◆ Input for this task:

[Start of section]

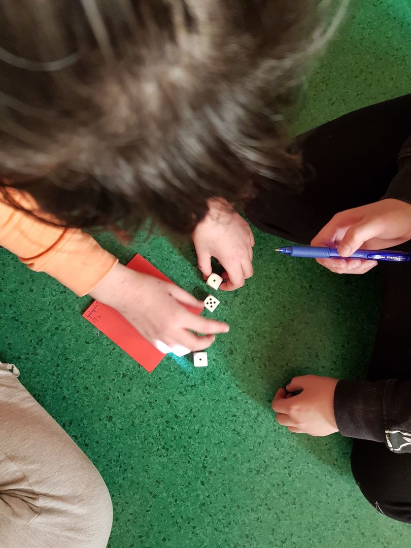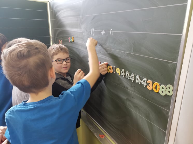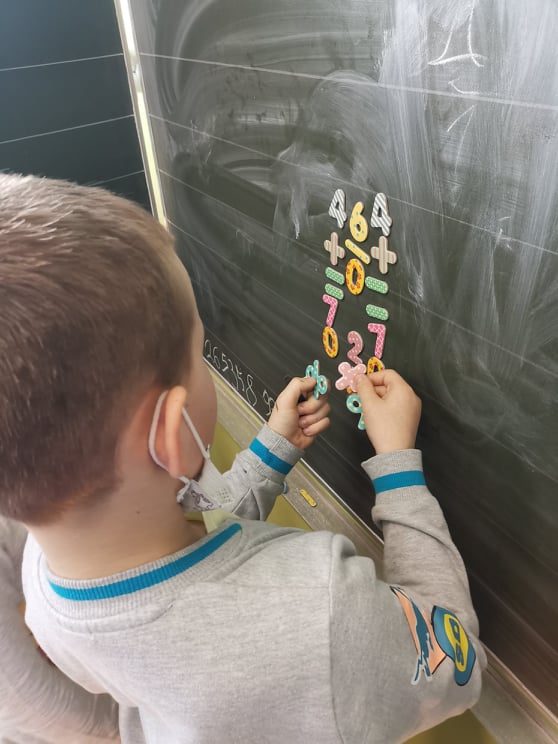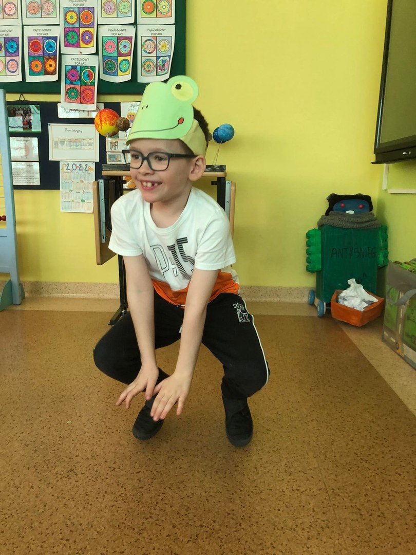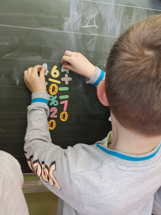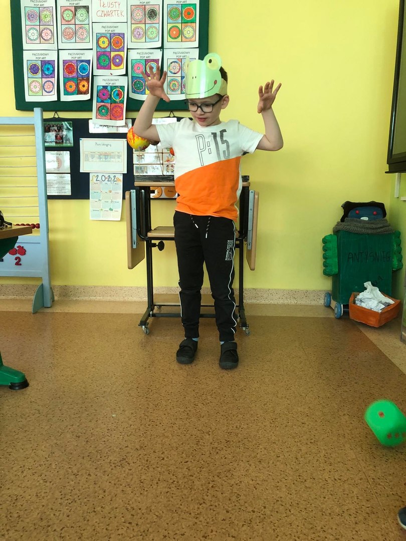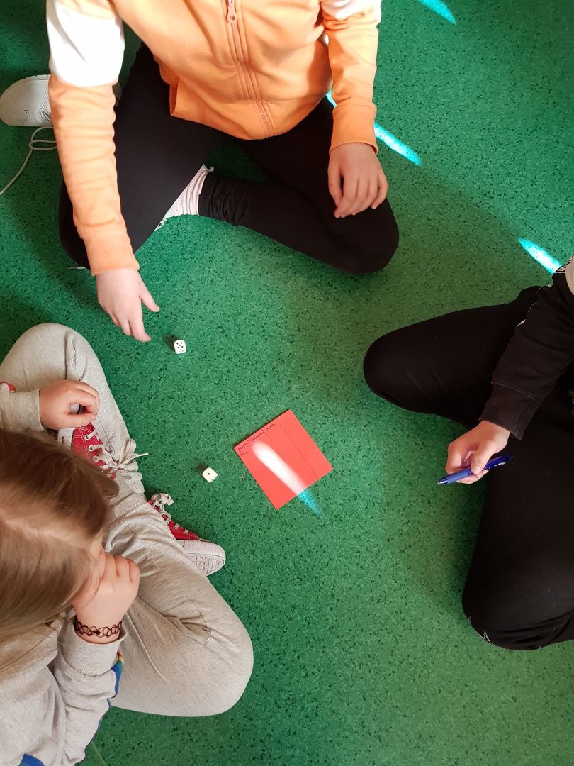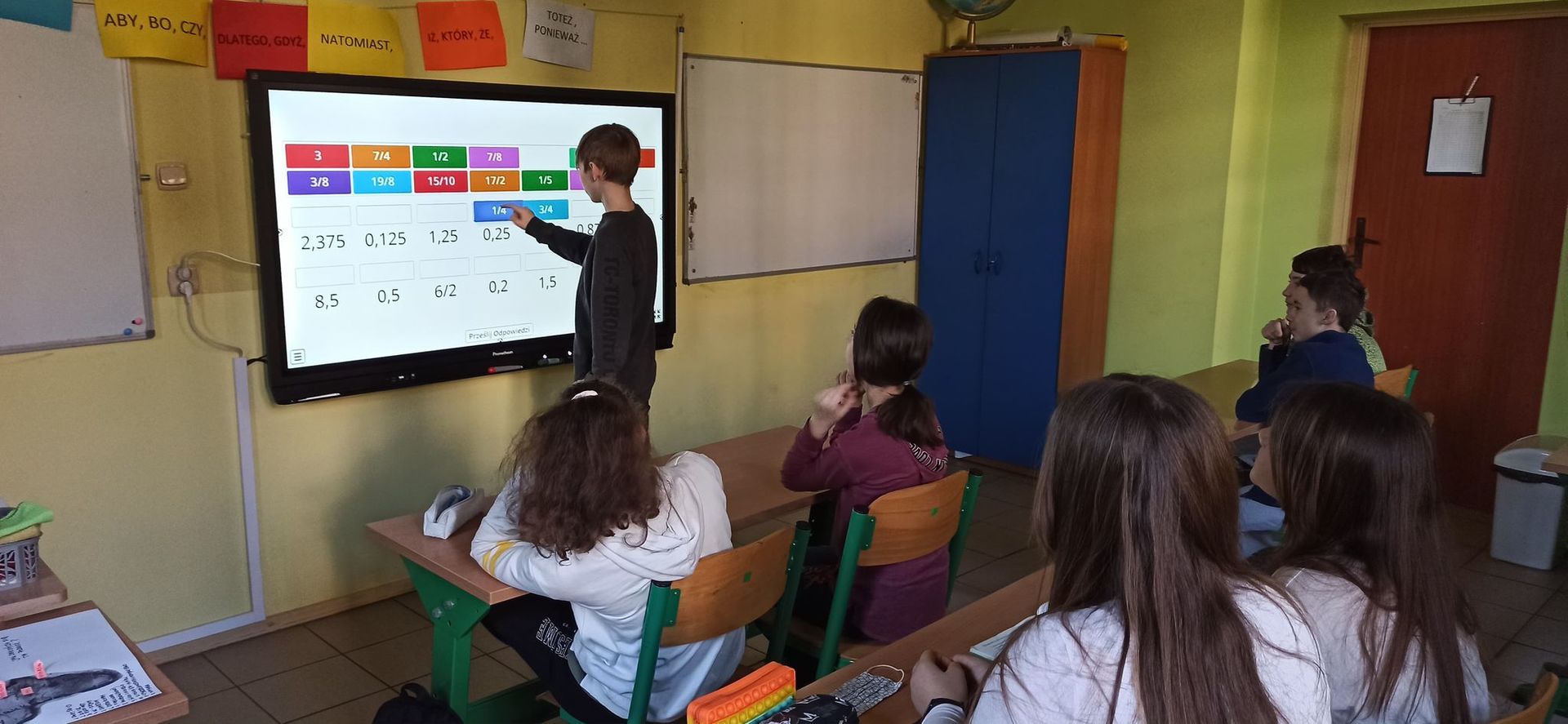 Na koniec uczniowie klas 1-3 brali udział w różnych zabawach matematycznych - klasa 1 wyłaniała mistrza matematycznego licząc w zakresie 10 na czas bawiąc się w matematyczne żabki, klasa 2 układała działania na tablicy oraz liczbę Pi z magnatycznych cyferek, natomiast klasa 3 do matematycznych zmagań użyła kości do gry.
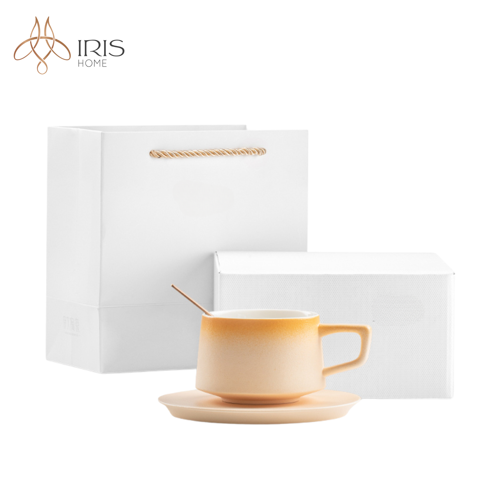 Tên: Cốc trà gốm sứ vân nhám gradient vàng mơ kèm đĩa và thìa
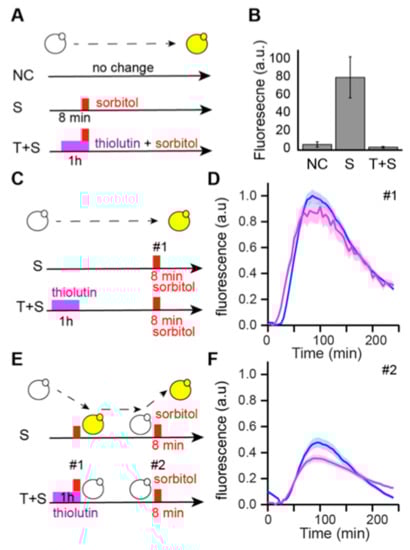 In order to investigate the biological origin of the memory effect, we first determined if the memory effect was linked to the synthesis of one or more long-lived proteins during the first episode of stress. To test this hypothesis, we inhibited transcription during stress using thiolutin, a well-studied antibiotic that inhibits all three yeast RNA polymerases in a reversible manner [32] (Figure 3A,B). As expected, treatment with thiolutin led to the loss of pSTL1 activation in response to stress: none of the cells treated for 1 h with thiolutin (50 µg/µL), and then subjected to 8 min hyperosmotic stress showed a fluorescent signal whereas 80 ± 20% of cells exhibited a fluorescent signal in response to hyperosmotic stress in the absence of thiolutin (Figure 3A,B). Next, we examined the ability of the cells to respond to hyperosmotic stress after treatment with thiolutin (Figure 3C,D). After 1 h thiolutin treatment, the inhibitor was washed out for 4 h and then the cells were exposed to 8 min hyperosmotic stress. At the population level, a similar response was observed compared to the first stress response in the absence of thiolutin treatment (Figure 3C,D). However, pretreatment with thiolutin slightly reduced the magnitude of the stress response. The maximum intensity after 8 min of stress was 88, 55 ± 7.7% for thiolutin-pretreated cells compared to 100 ± 4.74% for non-treated cells, suggesting that the effect of thiolutin was not completely erased. We then treated cells with thiolutin for 1 h, including the time period of the first stress, washed the inhibitor out for 4 h and then submitted the cells to a second 8 min stress (Figure 3E,F). Under these conditions, thiolutin-pretreated cells showed a marked decrease of 40% in the YFP signal intensity of the second stress response, which is comparable to the 47% decrease in the response to the second stress in cells without thiolutin treatment.
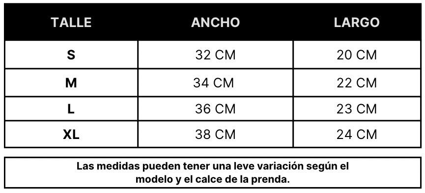 (Las medidas están tomadas con la prenda apoyada sobre una superficie plana, sin estirar)
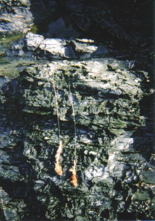 | 平成12年6月11日 長バエ先端にて 中部磯友会:高木 50b沖のポイントでイシダイ57a・3.65` | トーフ先端 沖向きポイント 60b沖のポイントでイシダイをかける エサはヤドカリ |
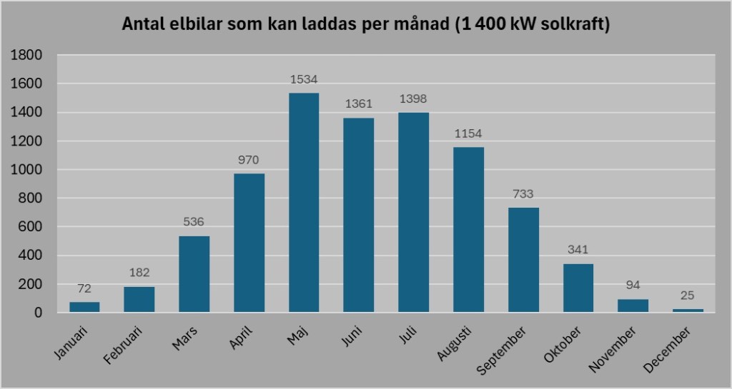 I december skulle bara 25 av de 700 elbilarna kunna laddas från den här solcellsparken men under de riktiga sommarmånaderna maj, juni och juli skulle man kunna ladda ca 1 400 elbilar varje månad med solcellsparken.
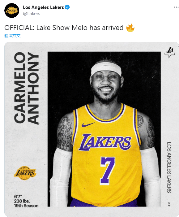 360直播讯 北京时间8月7日,洛杉矶湖人官宣,正式签约安东尼,晒出甜瓜身穿7号球衣照,并且发推:湖人秀安东尼已经来到洛杉矶;湖人还正式签约阿里扎、霍华德、纳恩、艾灵顿以及贝兹莫尔等球员。
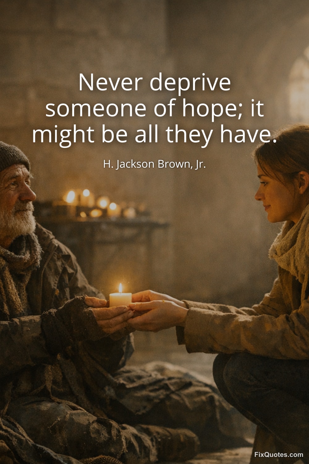 Jr., H. Jackson Brown,. (2026, January 13). Never deprive someone of hope; it might be all they have. FixQuotes. https://fixquotes.com/quotes/never-deprive-someone-of-hope-it-might-be-all-54903/
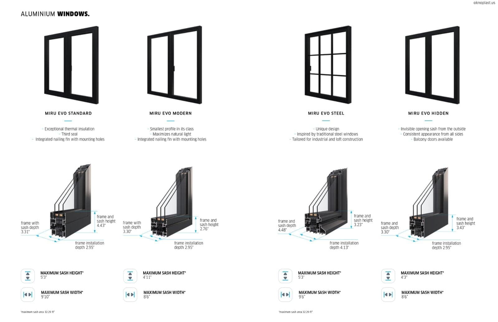 The MIRU EVO Standard window and door system sets a new standard in window insulation while offering excellent user ergonomics and a modern profile aesthetic. The system’s high rigidity allows for the construction of large windows and storefronts, even in areas with high wind loads.
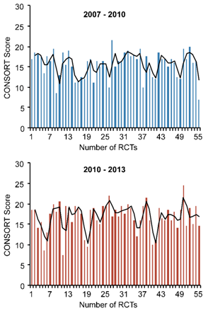 This improvement in the reporting standards of the more recently conducted RCTs may be explained by more than one reason. First, awareness of the CONSORT guidelines has certainly improved greatly. Investigators are now better trained than before about various aspects of clinical trials, including manuscript writing and the reporting of clinical trials. Some of this training has even extended to undergraduate and postgraduate programs, cultivating an environment for research, which might explain the difference between the reporting standards of the two study periods. More experienced and trained mentors now guide junior authors before manuscripts are submitted for publication, potentially explaining these results. Additionally, many of the publishing journals endorse the CONSORT guidelines; thus, acceptance or rejection of an article in the journal may depend on the degree of compliance to the guidelines.
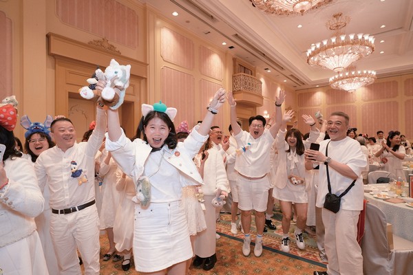 隔日則迎來重頭戲「百萬菁英會」,地點選在香港迪士尼樂園酒店的仙杜瑞拉宴會廳。今年活動以純白色系搭配迪士尼元素為主題,現場準備各式迪士尼造型甜點,並設置擺滿迪士尼周邊商品的夾娃娃機,讓同仁挑戰手氣,把可愛的迪士尼玩偶帶回家。
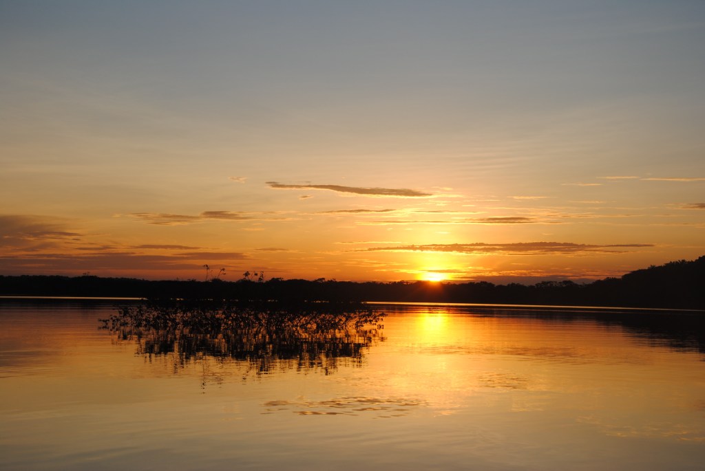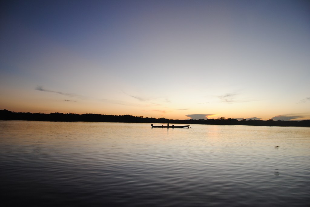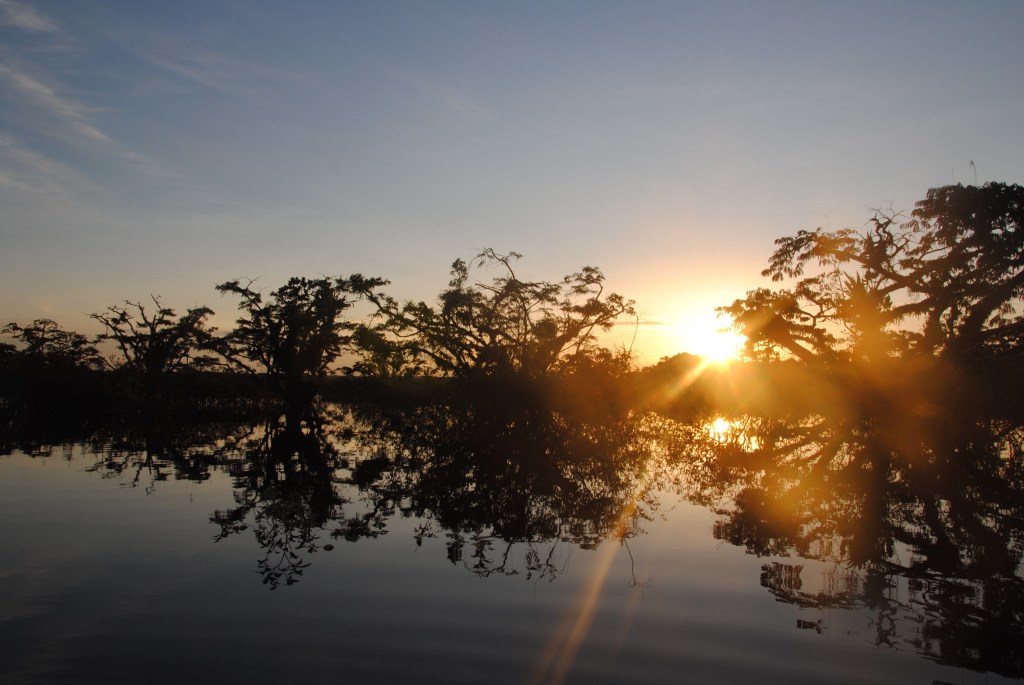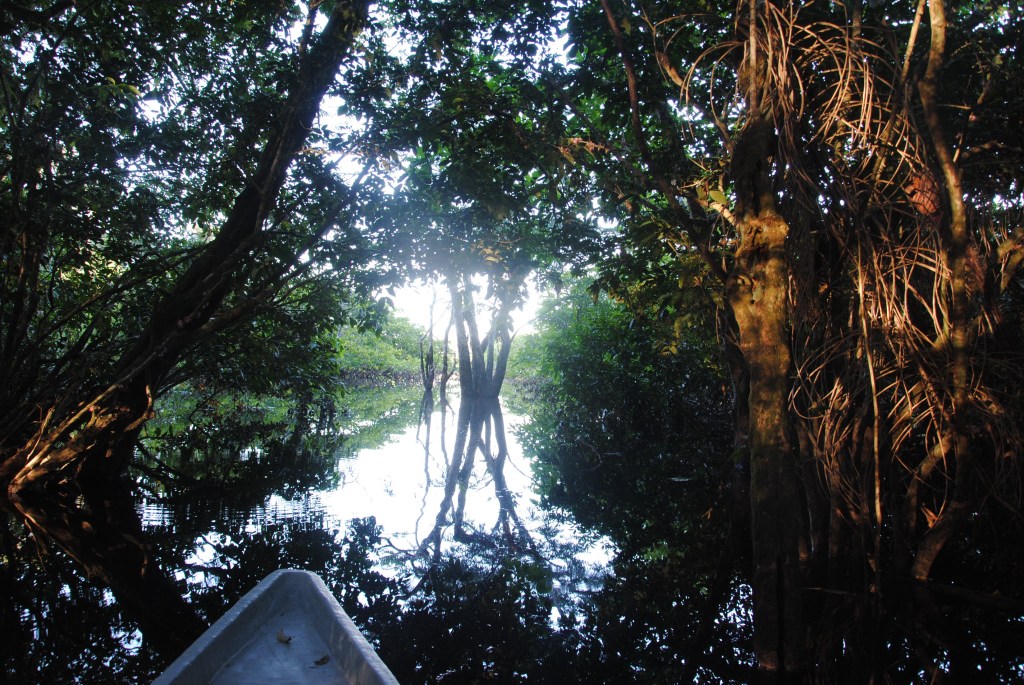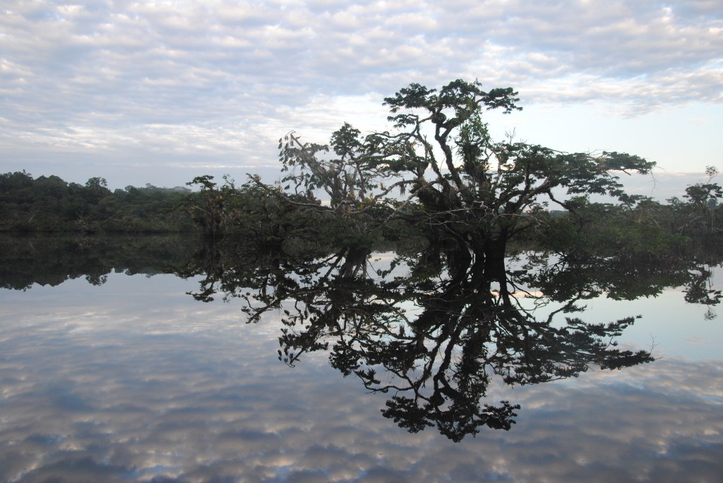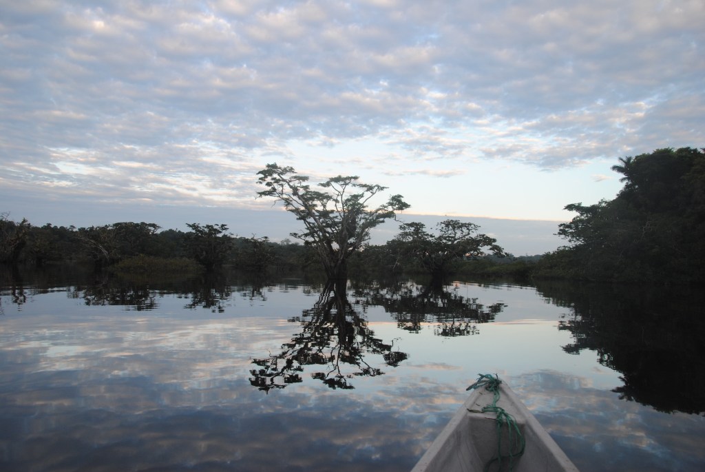 Lundi matin, Parc national Cuyabeno. Nuit agitée. Serpents et araignées en tout genre se sont succédés dans mes draps. Enfin plutôt dans ma tête, ses charmantes bêtes ayant sûrement mieux à faire que de hanter ma chambre. Je ne suis donc pas très frais à 6h, au moment de partir, pagaie en main, pour un tour d’observation matinale de la lagune en canoë. Mais je m’éveille sans mal devant la beauté de l’iguapo dans les lueurs de l’aube.

[End of section]

◆ How to complete this task: Leaving aside the images, write out the entries above word for word.

◆ Response to this task:
 Na koniec uczniowie klas 1-3 brali udział w różnych zabawach matematycznych - klasa 1 wyłaniała mistrza matematycznego licząc w zakresie 10 na czas bawiąc się w matematyczne żabki, klasa 2 układała działania na tablicy oraz liczbę Pi z magnatycznych cyferek, natomiast klasa 3 do matematycznych zmagań użyła kości do gry.
 Tên: Cốc trà gốm sứ vân nhám gradient vàng mơ kèm đĩa và thìa
 In order to investigate the biological origin of the memory effect, we first determined if the memory effect was linked to the synthesis of one or more long-lived proteins during the first episode of stress. To test this hypothesis, we inhibited transcription during stress using thiolutin, a well-studied antibiotic that inhibits all three yeast RNA polymerases in a reversible manner [32] (Figure 3A,B). As expected, treatment with thiolutin led to the loss of pSTL1 activation in response to stress: none of the cells treated for 1 h with thiolutin (50 µg/µL), and then subjected to 8 min hyperosmotic stress showed a fluorescent signal whereas 80 ± 20% of cells exhibited a fluorescent signal in response to hyperosmotic stress in the absence of thiolutin (Figure 3A,B). Next, we examined the ability of the cells to respond to hyperosmotic stress after treatment with thiolutin (Figure 3C,D). After 1 h thiolutin treatment, the inhibitor was washed out for 4 h and then the cells were exposed to 8 min hyperosmotic stress. At the population level, a similar response was observed compared to the first stress response in the absence of thiolutin treatment (Figure 3C,D). However, pretreatment with thiolutin slightly reduced the magnitude of the stress response. The maximum intensity after 8 min of stress was 88, 55 ± 7.7% for thiolutin-pretreated cells compared to 100 ± 4.74% for non-treated cells, suggesting that the effect of thiolutin was not completely erased. We then treated cells with thiolutin for 1 h, including the time period of the first stress, washed the inhibitor out for 4 h and then submitted the cells to a second 8 min stress (Figure 3E,F). Under these conditions, thiolutin-pretreated cells showed a marked decrease of 40% in the YFP signal intensity of the second stress response, which is comparable to the 47% decrease in the response to the second stress in cells without thiolutin treatment.
 (Las medidas están tomadas con la prenda apoyada sobre una superficie plana, sin estirar)
 | 平成12年6月11日 長バエ先端にて 中部磯友会:高木 50b沖のポイントでイシダイ57a・3.65` | トーフ先端 沖向きポイント 60b沖のポイントでイシダイをかける エサはヤドカリ |
 I december skulle bara 25 av de 700 elbilarna kunna laddas från den här solcellsparken men under de riktiga sommarmånaderna maj, juni och juli skulle man kunna ladda ca 1 400 elbilar varje månad med solcellsparken.
 360直播讯 北京时间8月7日,洛杉矶湖人官宣,正式签约安东尼,晒出甜瓜身穿7号球衣照,并且发推:湖人秀安东尼已经来到洛杉矶;湖人还正式签约阿里扎、霍华德、纳恩、艾灵顿以及贝兹莫尔等球员。
 Jr., H. Jackson Brown,. (2026, January 13). Never deprive someone of hope; it might be all they have. FixQuotes. https://fixquotes.com/quotes/never-deprive-someone-of-hope-it-might-be-all-54903/
 The MIRU EVO Standard window and door system sets a new standard in window insulation while offering excellent user ergonomics and a modern profile aesthetic. The system’s high rigidity allows for the construction of large windows and storefronts, even in areas with high wind loads.
 This improvement in the reporting standards of the more recently conducted RCTs may be explained by more than one reason. First, awareness of the CONSORT guidelines has certainly improved greatly. Investigators are now better trained than before about various aspects of clinical trials, including manuscript writing and the reporting of clinical trials. Some of this training has even extended to undergraduate and postgraduate programs, cultivating an environment for research, which might explain the difference between the reporting standards of the two study periods. More experienced and trained mentors now guide junior authors before manuscripts are submitted for publication, potentially explaining these results. Additionally, many of the publishing journals endorse the CONSORT guidelines; thus, acceptance or rejection of an article in the journal may depend on the degree of compliance to the guidelines.
 隔日則迎來重頭戲「百萬菁英會」,地點選在香港迪士尼樂園酒店的仙杜瑞拉宴會廳。今年活動以純白色系搭配迪士尼元素為主題,現場準備各式迪士尼造型甜點,並設置擺滿迪士尼周邊商品的夾娃娃機,讓同仁挑戰手氣,把可愛的迪士尼玩偶帶回家。
 Lundi matin, Parc national Cuyabeno. Nuit agitée. Serpents et araignées en tout genre se sont succédés dans mes draps. Enfin plutôt dans ma tête, ses charmantes bêtes ayant sûrement mieux à faire que de hanter ma chambre. Je ne suis donc pas très frais à 6h, au moment de partir, pagaie en main, pour un tour d’observation matinale de la lagune en canoë. Mais je m’éveille sans mal devant la beauté de l’iguapo dans les lueurs de l’aube.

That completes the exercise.